YOUR ASSIGNMENT: Beginning at the line containing "El programa Alerta", repeat each line below exactly up to and including the line containing "100% cotton, Available". Do not repeat the pictures.

DATA UNDER STUDY:
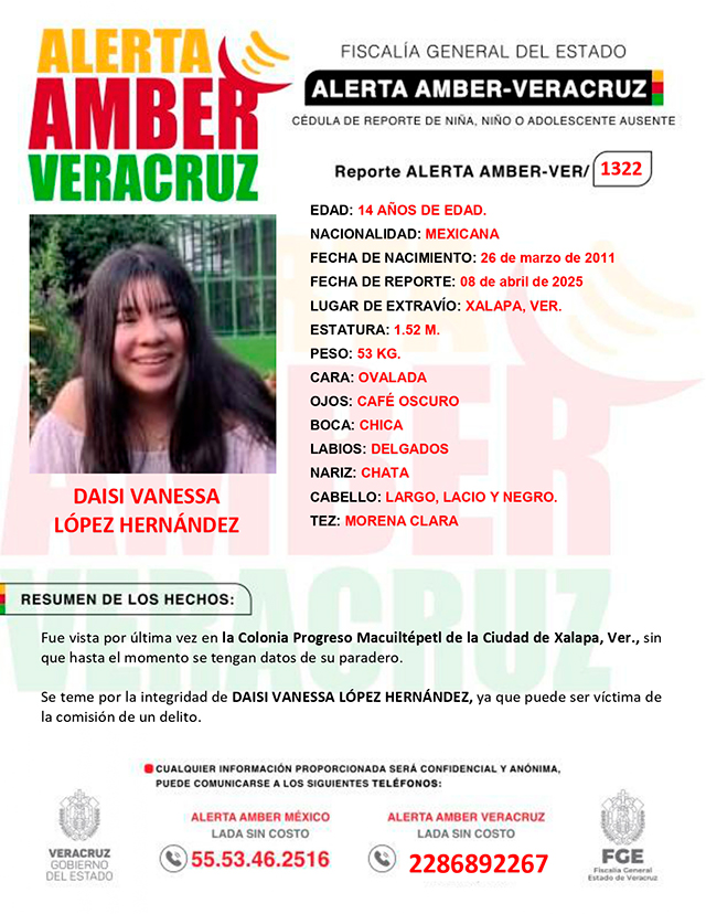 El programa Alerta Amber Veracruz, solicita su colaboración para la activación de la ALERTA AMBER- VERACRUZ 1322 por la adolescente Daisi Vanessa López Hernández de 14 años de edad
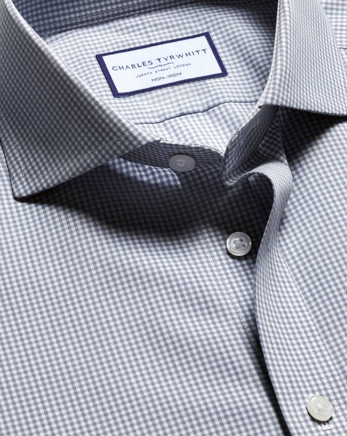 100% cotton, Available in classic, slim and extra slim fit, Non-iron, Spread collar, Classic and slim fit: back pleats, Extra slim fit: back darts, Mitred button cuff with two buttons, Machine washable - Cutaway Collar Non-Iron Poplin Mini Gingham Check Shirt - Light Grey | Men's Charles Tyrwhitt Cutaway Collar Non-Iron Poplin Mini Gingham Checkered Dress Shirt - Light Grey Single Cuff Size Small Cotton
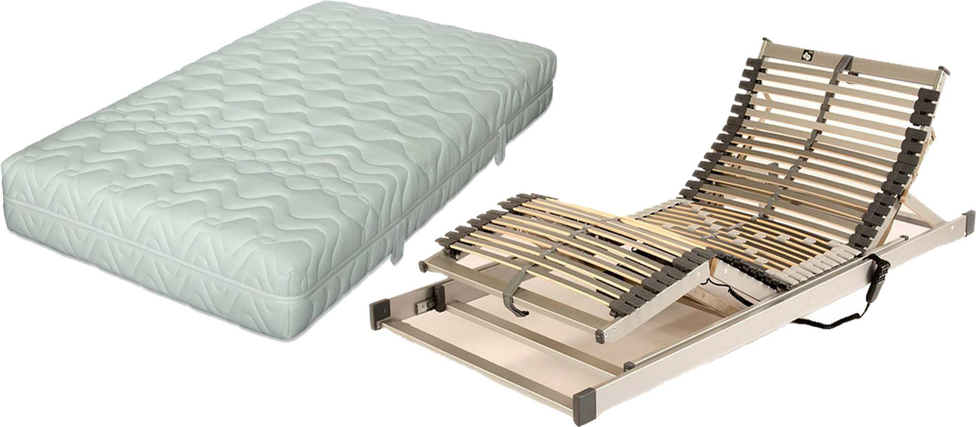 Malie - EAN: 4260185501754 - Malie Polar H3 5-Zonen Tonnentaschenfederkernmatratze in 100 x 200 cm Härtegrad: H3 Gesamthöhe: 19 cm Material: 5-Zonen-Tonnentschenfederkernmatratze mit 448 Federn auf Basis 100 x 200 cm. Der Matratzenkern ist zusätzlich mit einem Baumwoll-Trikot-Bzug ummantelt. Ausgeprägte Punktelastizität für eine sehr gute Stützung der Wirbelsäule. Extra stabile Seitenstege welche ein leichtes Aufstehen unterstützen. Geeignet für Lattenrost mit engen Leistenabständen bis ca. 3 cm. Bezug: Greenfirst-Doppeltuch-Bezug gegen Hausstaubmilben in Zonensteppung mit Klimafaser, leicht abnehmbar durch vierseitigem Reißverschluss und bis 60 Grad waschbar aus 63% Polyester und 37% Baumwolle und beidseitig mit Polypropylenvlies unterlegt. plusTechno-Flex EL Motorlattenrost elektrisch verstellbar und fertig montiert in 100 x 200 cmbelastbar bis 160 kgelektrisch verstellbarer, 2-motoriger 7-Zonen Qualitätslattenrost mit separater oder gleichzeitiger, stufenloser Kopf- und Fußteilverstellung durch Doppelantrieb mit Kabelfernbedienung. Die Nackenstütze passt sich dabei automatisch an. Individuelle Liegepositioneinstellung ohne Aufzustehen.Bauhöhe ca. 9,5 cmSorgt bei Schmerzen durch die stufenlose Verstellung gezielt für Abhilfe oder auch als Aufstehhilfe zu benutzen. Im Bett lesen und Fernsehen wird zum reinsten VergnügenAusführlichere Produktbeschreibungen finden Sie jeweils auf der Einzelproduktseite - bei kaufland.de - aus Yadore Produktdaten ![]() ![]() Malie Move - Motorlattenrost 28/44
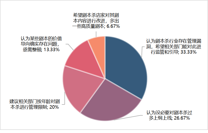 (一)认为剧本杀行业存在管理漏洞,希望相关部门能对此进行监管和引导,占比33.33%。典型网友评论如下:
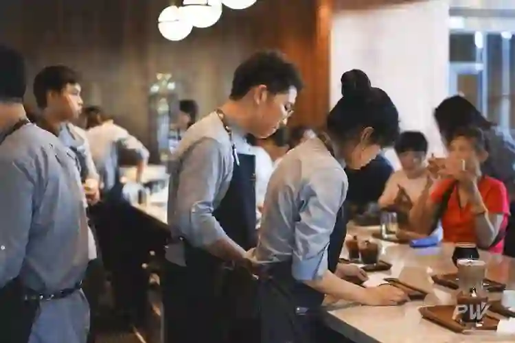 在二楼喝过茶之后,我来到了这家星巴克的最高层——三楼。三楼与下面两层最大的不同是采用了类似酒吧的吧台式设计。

* * *

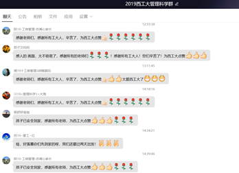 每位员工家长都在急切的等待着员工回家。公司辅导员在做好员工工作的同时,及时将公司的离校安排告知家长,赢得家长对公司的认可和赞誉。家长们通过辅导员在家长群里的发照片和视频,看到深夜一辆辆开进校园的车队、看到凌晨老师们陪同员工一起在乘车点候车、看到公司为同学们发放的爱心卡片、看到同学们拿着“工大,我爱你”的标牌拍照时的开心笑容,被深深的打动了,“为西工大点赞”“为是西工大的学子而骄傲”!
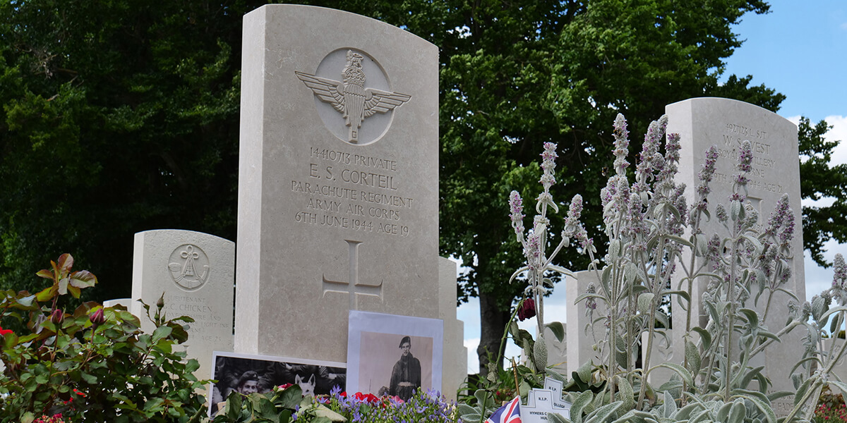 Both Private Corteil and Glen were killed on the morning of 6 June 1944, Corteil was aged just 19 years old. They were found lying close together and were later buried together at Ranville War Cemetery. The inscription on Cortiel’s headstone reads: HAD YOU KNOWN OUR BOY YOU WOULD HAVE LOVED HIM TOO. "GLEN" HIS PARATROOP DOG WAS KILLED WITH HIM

==

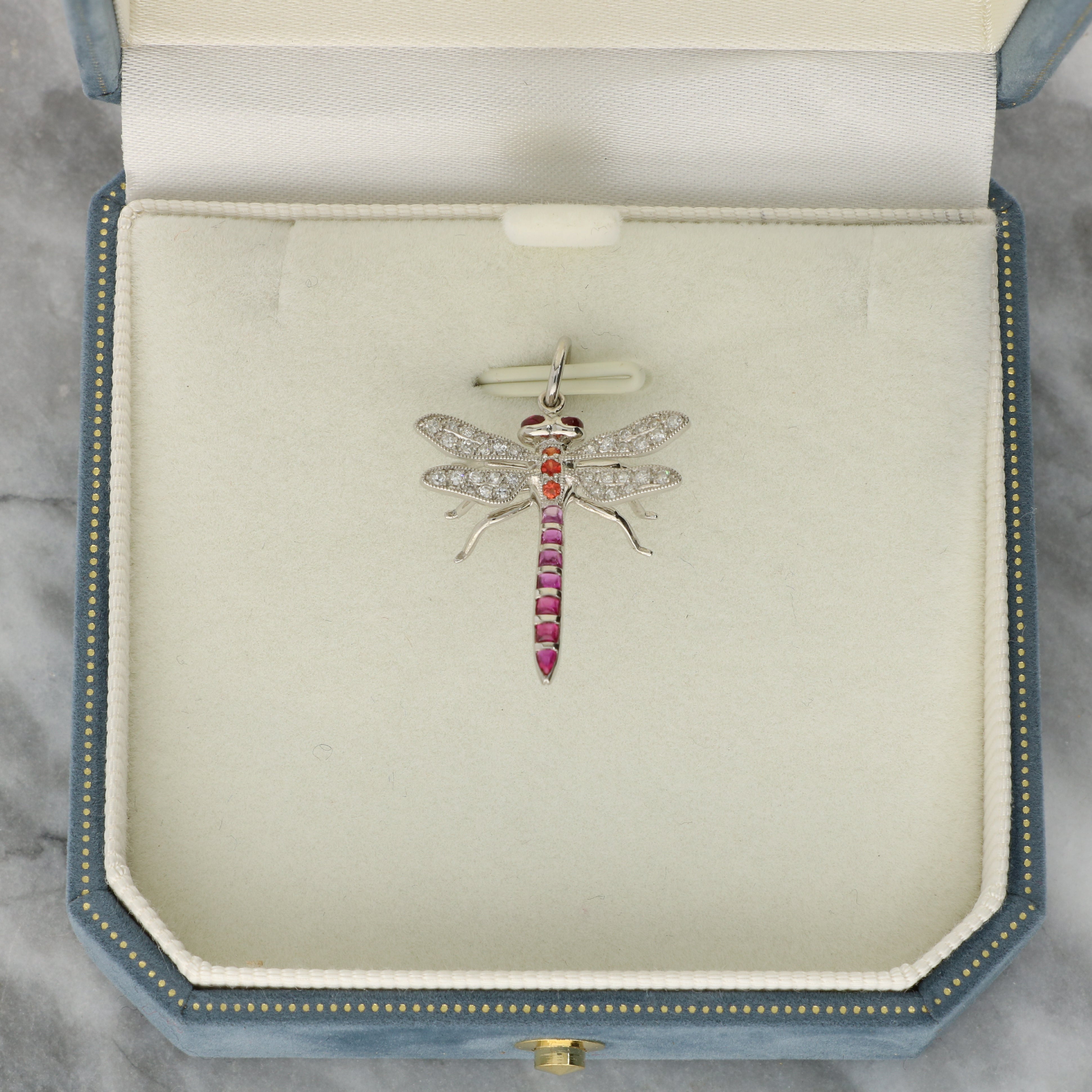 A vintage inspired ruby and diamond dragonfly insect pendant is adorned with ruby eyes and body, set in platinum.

SOLUTION TO THIS EXERCISE:
 El programa Alerta Amber Veracruz, solicita su colaboración para la activación de la ALERTA AMBER- VERACRUZ 1322 por la adolescente Daisi Vanessa López Hernández de 14 años de edad
 100% cotton, Available in classic, slim and extra slim fit, Non-iron, Spread collar, Classic and slim fit: back pleats, Extra slim fit: back darts, Mitred button cuff with two buttons, Machine washable - Cutaway Collar Non-Iron Poplin Mini Gingham Check Shirt - Light Grey | Men's Charles Tyrwhitt Cutaway Collar Non-Iron Poplin Mini Gingham Checkered Dress Shirt - Light Grey Single Cuff Size Small Cotton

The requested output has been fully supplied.